Abstract
Selinexor is a first-in-class, central nervous system (CNS)–penetrant, oral inhibitor of exportin 1 (XPO1), the main nuclear exporter of many key tumor suppressors. We report a phase I trial of selinexor in children and adolescents with recurrent CNS and solid tumors (NCT02323880).
A rolling six design was used to evaluate the maximum tolerated dose (MTD) and first dose pharmacokinetics of selinexor administered once (35–45 mg/m2) or twice (20–35 mg/m2) weekly during a 28-day cycle (part A). Ten additional patients with high-grade glioma (HGG) were treated at the MTD administered once weekly (part B).

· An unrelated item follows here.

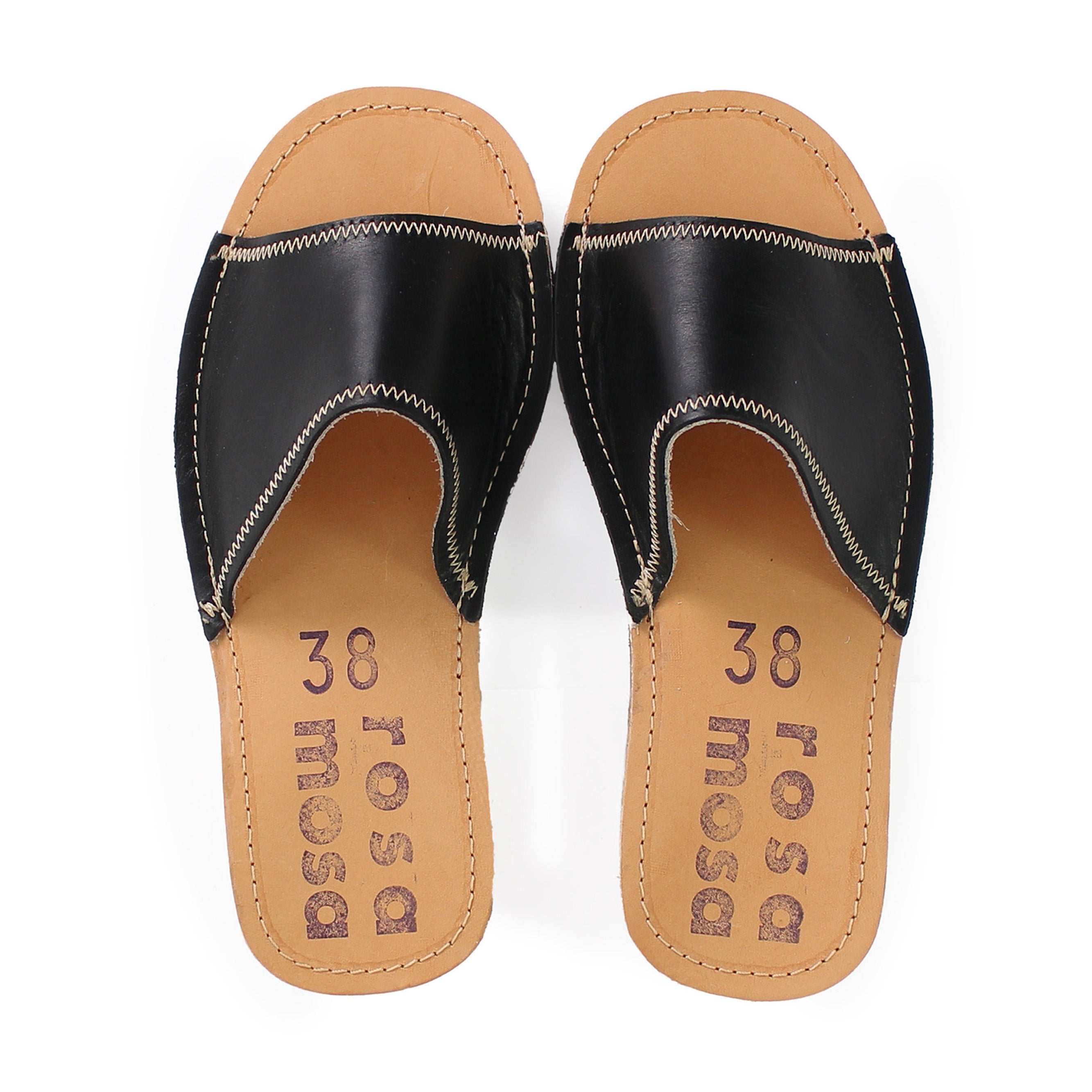 ZIC-ZAC SLIDES + Leather Slides + Black

In part A, 49 patients were enrolled. Continuous twice weekly dosing was limited by extended hematologic toxicity. The MTD on a twice weekly schedule for 3 weeks on/1 week off (twice weekly 3/1) was 20 mg/m2/dose. Dose-limiting toxicities (DLTs) on this schedule included fatigue, acute reversible neurologic changes, neutropenia, thrombocytopenia, and aspartate aminotransferase/alanine aminotransferase increase. On a continuous once weekly schedule, the MTD was 35 mg/m2/dose; DLTs included seizure and thrombocytopenia. In part B (HGG expansion), there were no additional DLTs observed. Non-DLTs included lymphopenia, leukopenia, neutropenia, thrombocytopenia, anorexia, fatigue, hypophosphatemia, nausea, and vomiting. There were no objective responses. The median number of cycles received was 1 (range, 1–9); eight of 59 patients (13.5%) received 5 to 9 cycles, five of whom had HGG.
Selinexor-related toxicities were primarily hematologic and neurologic, requiring dose or dose-frequency reduction. The MTD and recommended initial phase II dose of selinexor in children and adolescents with recurrent solid and CNS tumors is 35 mg/m2/dose once weekly.